Jing Chen ^1,², Xingyun Liu ³, Li Shen ⁴, Yuxin Lin ⁵, Bairong Shen ^6,^*

PMCID: PMC7947571 PMID: 33693668

Abstract

The pathogenesis of cancer is influenced by interactions among genes, proteins, metabolites and other small molecules. Understanding cancer progression at the metabolic level is propitious to the visual decoding of changes in living organisms. To date, a large number of metabolic biomarkers in cancer have been measured and reported, which provide an alternative method for cancer precision diagnosis, treatment and prognosis. To systematically understand the heterogeneity of cancers, we developed the database CMBD to integrate the cancer metabolic biomarkers scattered over literatures in PubMed. At present, CMBD contains 438 manually curated relationships between 282 biomarkers and 76 cancer subtypes of 18 tissues reported in 248 literatures. Users can access the comprehensive metabolic biomarker information about cancers, references, clinical samples and their relationships from our online database. As case studies, pathway analysis was performed on the metabolic biomarkers of breast and prostate cancers, respectively. ‘Phenylalanine, tyrosine and tryptophan biosynthesis’, ‘phenylalanine metabolism’ and ‘primary bile acid biosynthesis’ were identified as playing key roles in breast cancer. ‘Glyoxylate and dicarboxylate metabolism’, ‘citrate cycle (TCA cycle)’, and ‘alanine, aspartate and glutamate metabolism’ have important functions in prostate cancer. These findings provide us with an understanding of the metabolic pathway of cancer initiation and progression.

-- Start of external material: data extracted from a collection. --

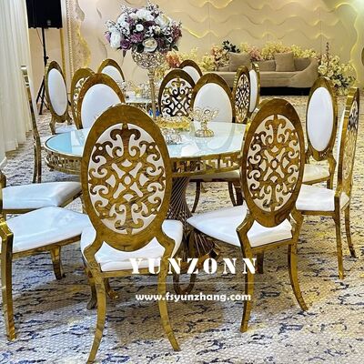 | পণ্যের নাম: | লাক্সারি রয়্যাল এবং মডার্ন গোল্ড হোটেল চেয়ার বিশেষ খোদাই করা প্যাটার্ন স্টেইনলেস স্টিল উপাদান সহ বিবাহের ডাইনিং চেয়ারের জন্য |
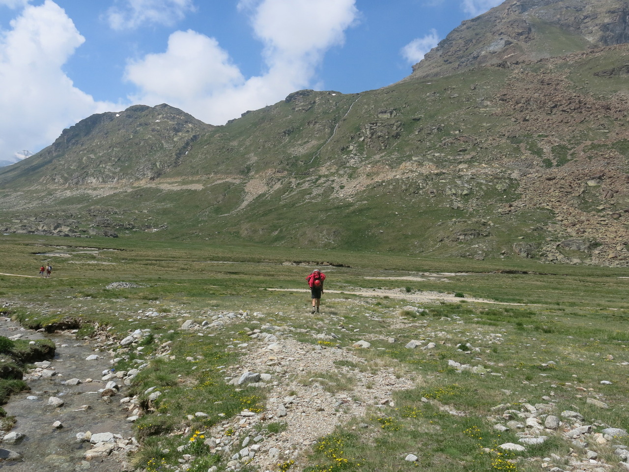 Actually we planned to walk only half a day after the Gran Paradiso. We wanted to sleep at Rif. Citta di Chivasso and we thought arriving at about 2pm on a Tuesday would be sufficient to get two places to sleep without prior reservation. So this assumption was wrong…when we arrived the owner told us that the hut is already completely booked. Up to this point the path was absolutely great. First we climbed up a nice and narrow mountain path from 2000m to about 2800m. There we had a long break. We were able to see the Gran Paradiso from here. From there we walked down 400m and then continued through a very wide and long valley. There we saw many different flowers and lakes all around. When the hut owner told us that the hut is already booked I think we looked quite stupid… We had to walk down to the next hut approx. 1000m below the other one. The path was a long and boring road… For some time the weather has been expected to change to rain and thunderstorm. And when we looked up to the sky it was obvious that it was only a question of hours before the storm will start. So we hurried like idiots down the long road to the next Rifugio. Two hours before the storm we finally arrived… This is still enough time but on the other hand we didn’t know when it is going to start… I guess every friend of mountaineering knows this feeling… In the end we ordered half a liter of wine to finish this day.
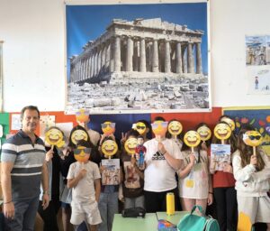 To thank him, the children created emojis reflecting their feelings for Zisis and took photos with him, creating a moment they would remember for a long time.
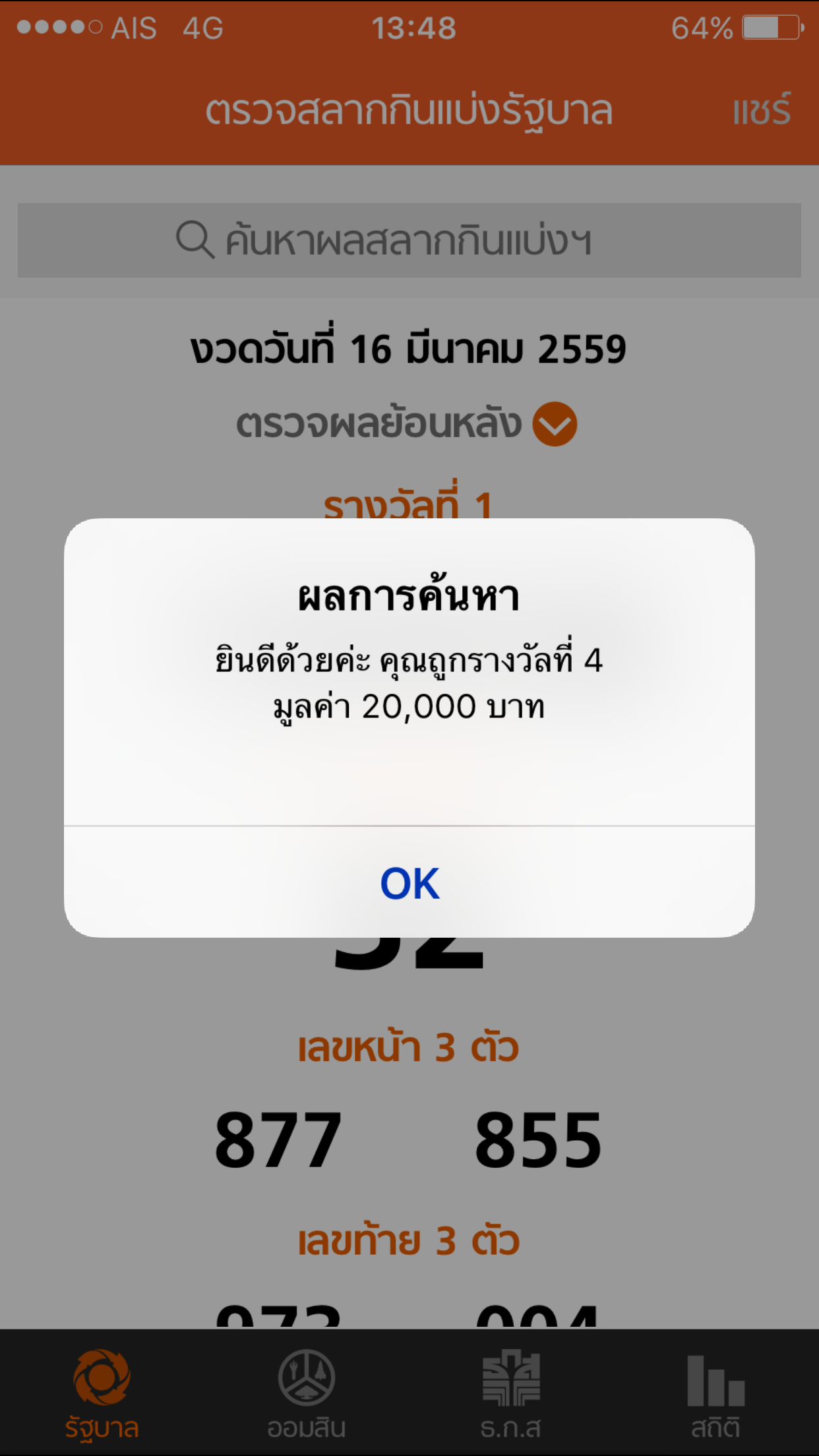 แอพตรวจผล แอพหนึ่ง ตรวจลสลากที่ถูกรางวัลที่ 4 แล้วแจ้งผลว่าไม่ถูก
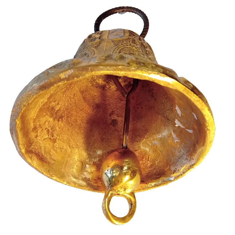 Campana elaborada por artesanos boyacenses con procedimientos coloniales heredados de España producida en bronce a partir de la aleación de cobre y estaño; en propoorción de 70% y 30%.
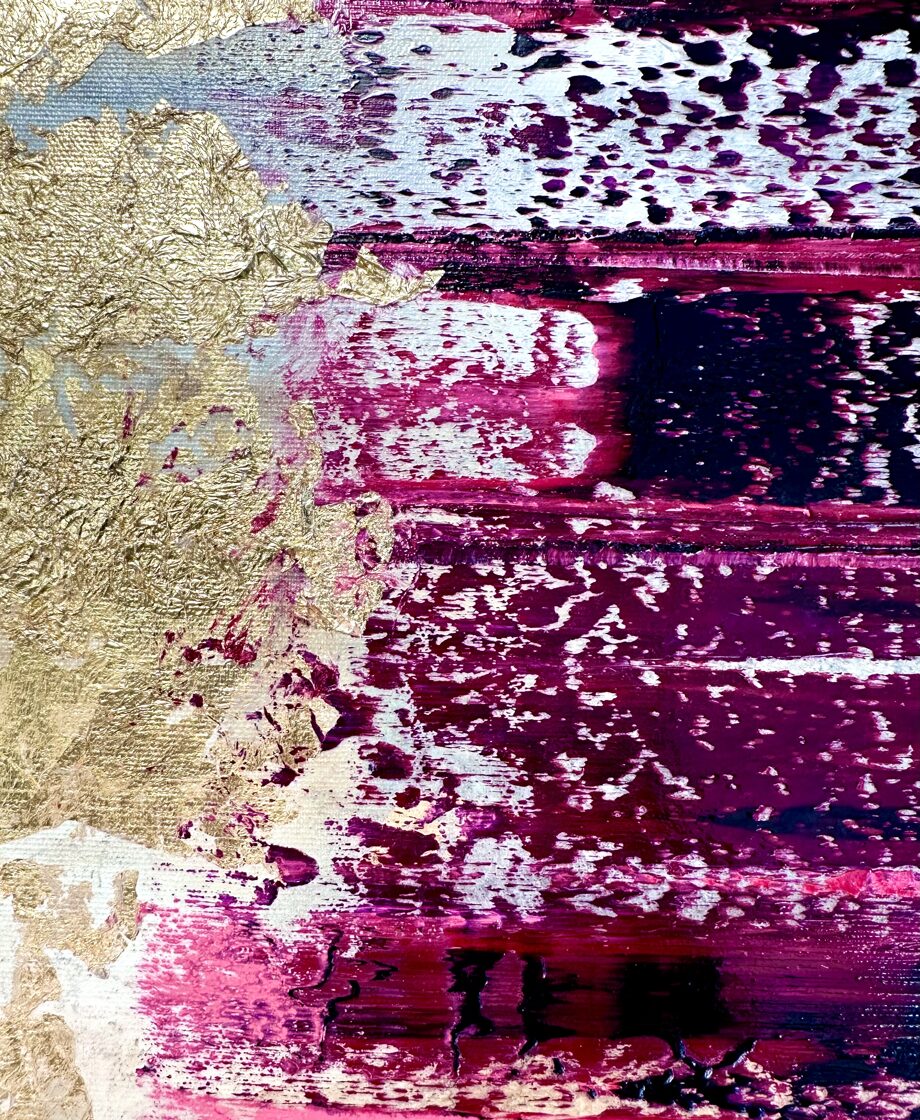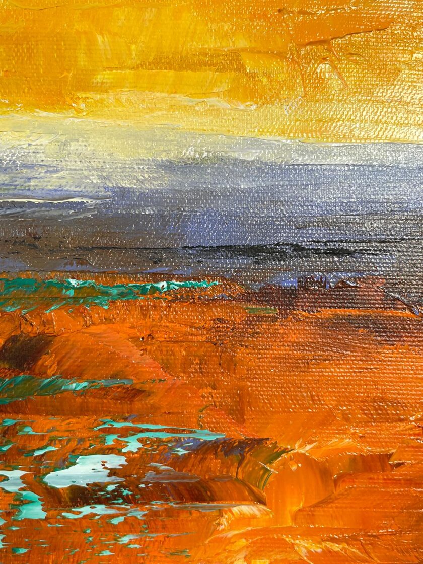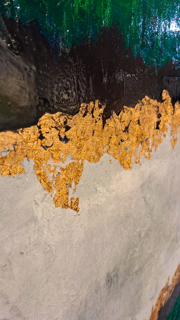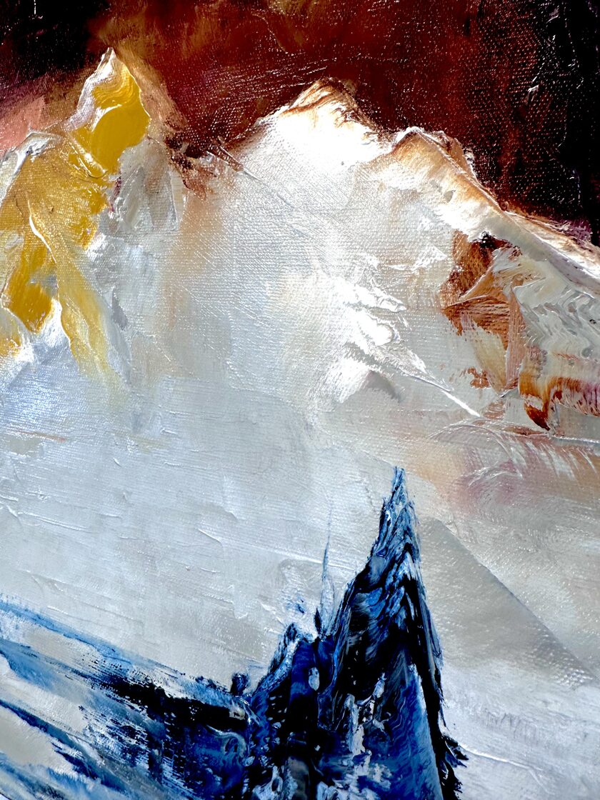 Las líneas negras que chorrean hacia abajo acercan al espectador la experiencia de la proximidad de la muerte, el agotamiento del cuerpo, la incertidumbre de la existencia. Como si el propio lienzo se secara, se desmoronara, como los labios del caminante en la arena ardiente. Y, sin embargo: la oscuridad no devora, sino que conduce a través: sirve como una puerta, detrás de la cual brilla la luz dorada del Dios Sol, la meta, la promesa de la iniciación.
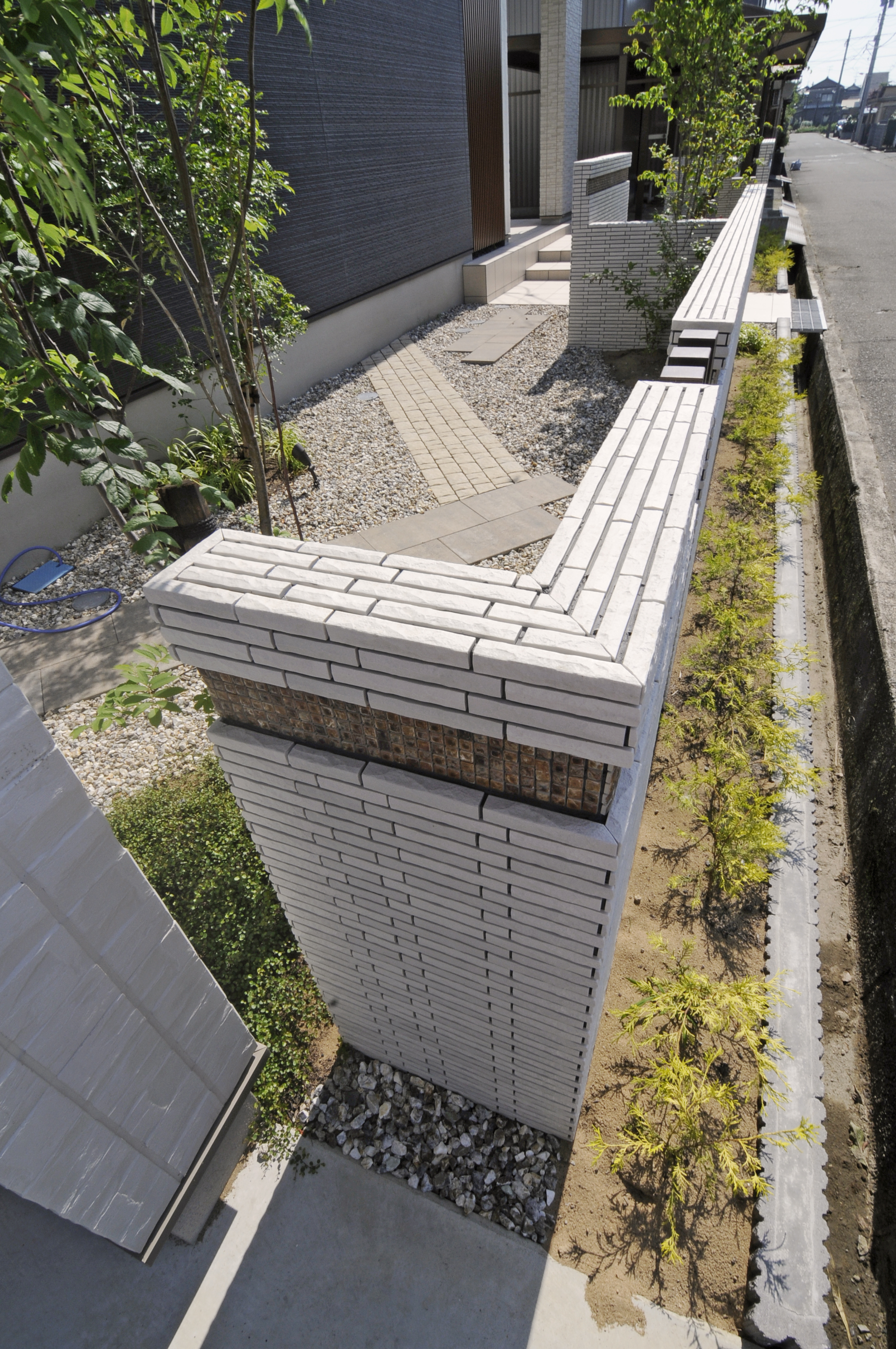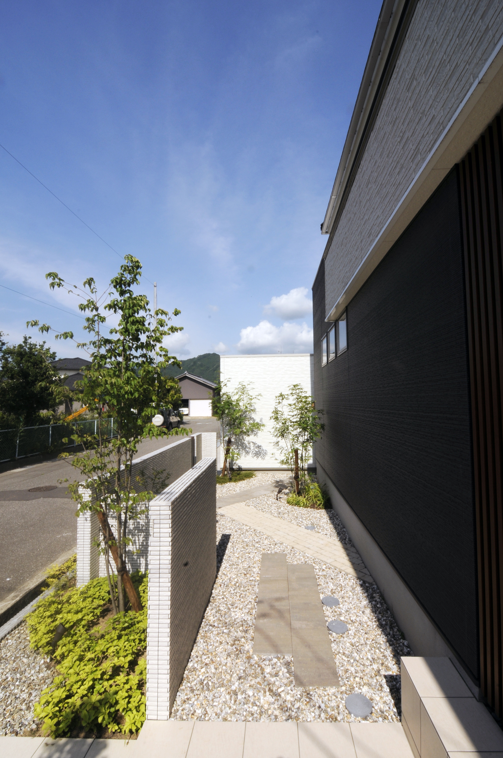 奥行きをつける事で遠近感が出て前庭が広く見える様デザインしました。
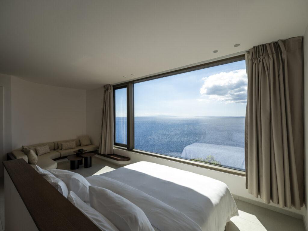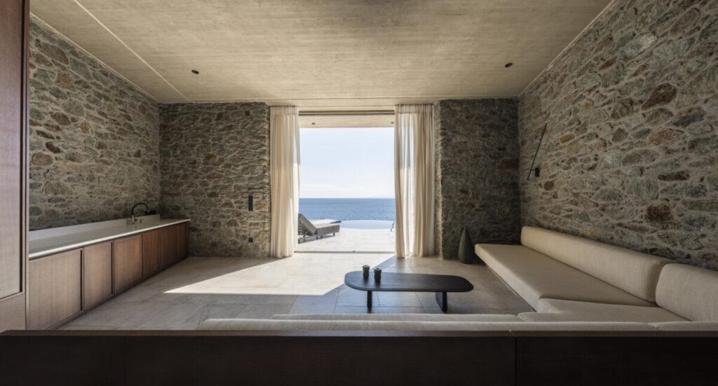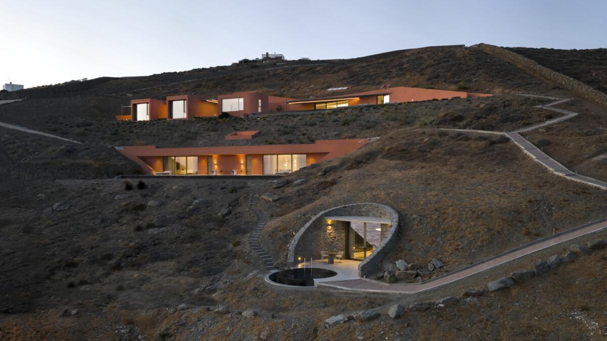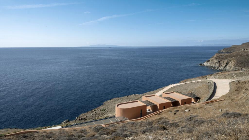 En el nivel más bajo, muy cerca del mar, se encuentra The Point: una casa de huéspedes subterránea e independiente, aislada e invisible para todos. En The Point, uno puede detenerse, escuchar la serenidad de la naturaleza y el sonido de las olas. Con la intención de mimetizarse con el entorno, el edificio está construido con materiales extraídos en el mismo lugar. Solo la terraza circular permanece visible: una meseta con vistas al mar Egeo.
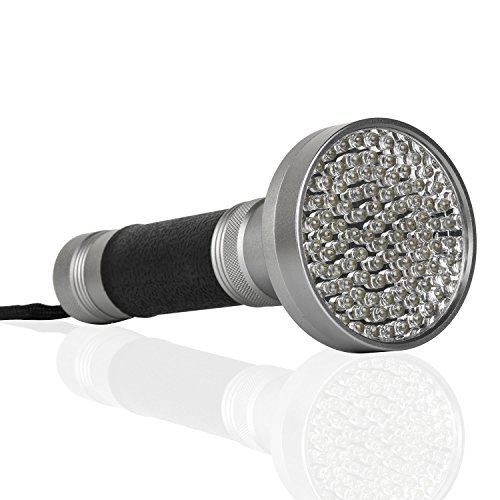 - 100 UV LEDS - Top quality ultraviolet LED bulbs, bright beam and reaches far up to 100 meters. This Handheld UV flashlight puts out more blazing powerful UV than 51 LEDs flashlight, it covers larger area without weaken the light, checking out stains in carpet/furniture more easily

Database URL: http://www.sysbio.org.cn/CMBD/

Introduction

Cancer is a complex disease, associated with genetic, proteinic, metabolic and epigenetic changes and their interactions during its initiation and progression (1–4). Aerobic glycolysis or the Warburg effect in some cancer cells is the beginning of research in cancer metabolism and the basis for the positron emission tomography scan to observe metabolic processes in modern medicine (4–6). In addition to deregulating cellular energetics as one of the 10 hallmarks of cancer, subsequent metabolic changes are of interest to researchers (7). Such as, advances in understanding of polyamines metabolism leads to a novel anticancer targeting strategy (8). The interactions between oncogenic signaling, lipid metabolism and epigenetics indicate highly flexible and robust cancer cybernetic networks (9). Metabolic enzymes can be associated with highly invasive and metastatic cancer. The activity of lactate dehydrogenase and catalase could help define aggressive breast cancers (10). Glucose-6-phosphate dehydrogenase upregulated by androgen receptor signaling plays a vital role in prostate cancer cell growth and maintenance (11). Nowadays, cancer metabolism, including abnormal lipid, amino acid, nucleotide, nutrient and non-nutrient metabolism can provide a new strategy for cancer detection, treatment and management.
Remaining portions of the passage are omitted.